= SUPPLIED ENTRIES =
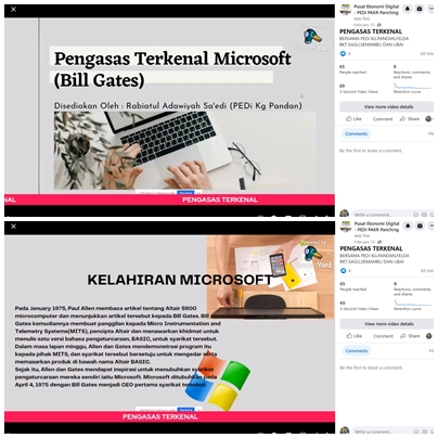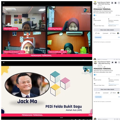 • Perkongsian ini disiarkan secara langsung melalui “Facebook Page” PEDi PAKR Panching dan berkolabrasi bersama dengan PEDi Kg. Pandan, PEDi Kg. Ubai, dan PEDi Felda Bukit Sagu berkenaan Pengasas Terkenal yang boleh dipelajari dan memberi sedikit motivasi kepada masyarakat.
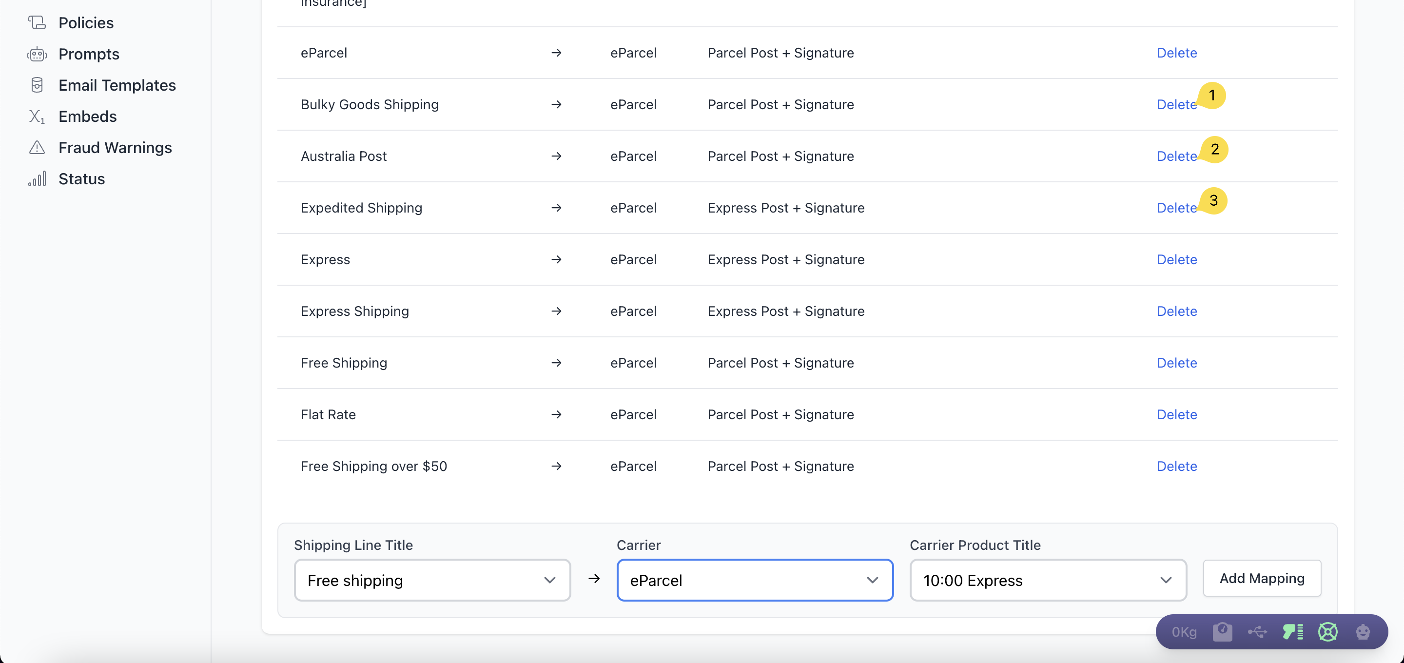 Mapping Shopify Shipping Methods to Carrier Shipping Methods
* * *
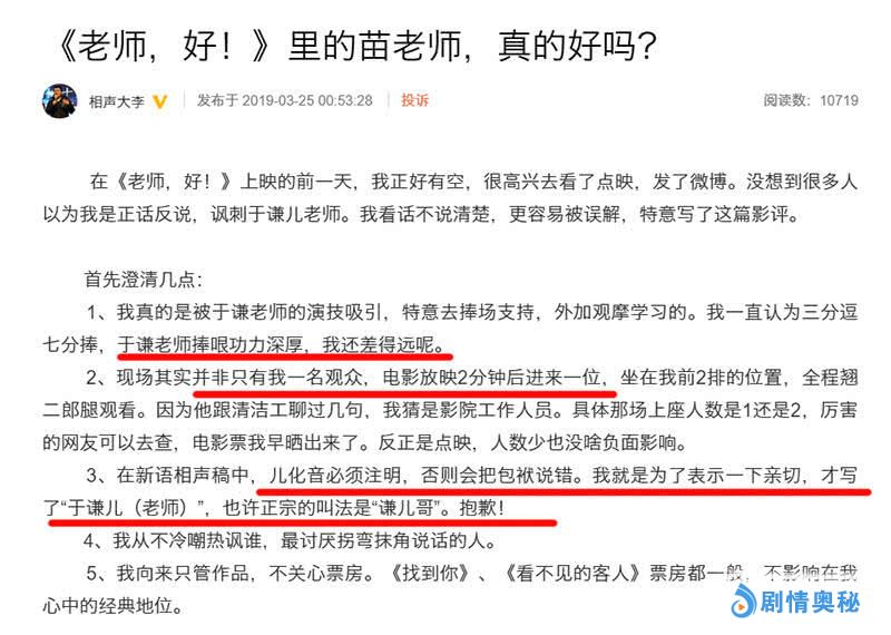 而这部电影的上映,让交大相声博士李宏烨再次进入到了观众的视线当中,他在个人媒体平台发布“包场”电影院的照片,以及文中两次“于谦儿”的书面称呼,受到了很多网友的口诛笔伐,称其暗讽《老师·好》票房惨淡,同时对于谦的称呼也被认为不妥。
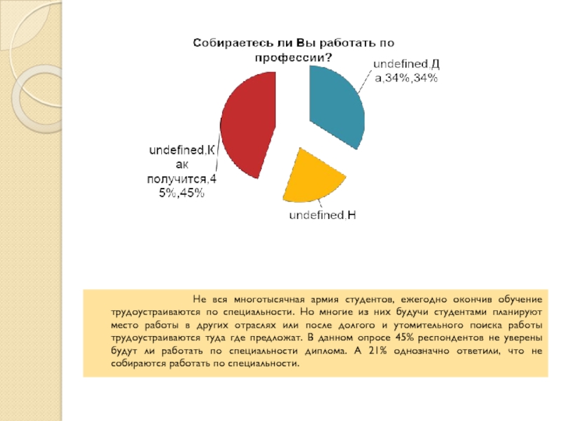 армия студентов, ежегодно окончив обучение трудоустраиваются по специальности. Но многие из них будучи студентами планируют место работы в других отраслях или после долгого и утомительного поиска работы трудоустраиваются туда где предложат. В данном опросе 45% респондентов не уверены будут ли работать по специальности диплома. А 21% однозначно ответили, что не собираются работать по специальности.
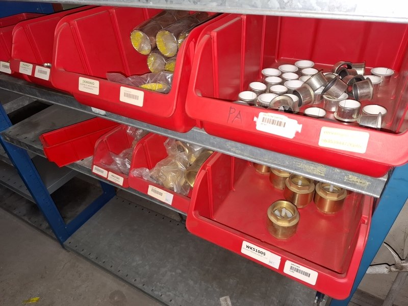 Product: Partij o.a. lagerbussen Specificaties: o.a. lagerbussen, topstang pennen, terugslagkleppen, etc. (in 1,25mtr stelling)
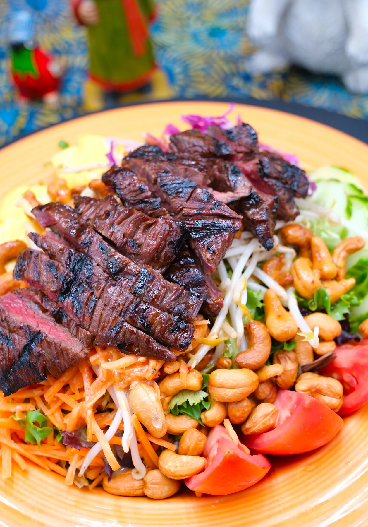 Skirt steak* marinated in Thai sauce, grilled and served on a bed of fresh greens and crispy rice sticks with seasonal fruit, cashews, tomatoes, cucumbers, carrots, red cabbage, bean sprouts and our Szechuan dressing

= INSTRUCTIONS FOR THE TASK =
Everything above from the line containing "Product: Partij o.a." through the line containing "Skirt steak* marinated" must be repeated exactly, and the pictures must be left out.

= COMPLETED TASK =
 Product: Partij o.a. lagerbussen Specificaties: o.a. lagerbussen, topstang pennen, terugslagkleppen, etc. (in 1,25mtr stelling)
 Skirt steak* marinated in Thai sauce, grilled and served on a bed of fresh greens and crispy rice sticks with seasonal fruit, cashews, tomatoes, cucumbers, carrots, red cabbage, bean sprouts and our Szechuan dressing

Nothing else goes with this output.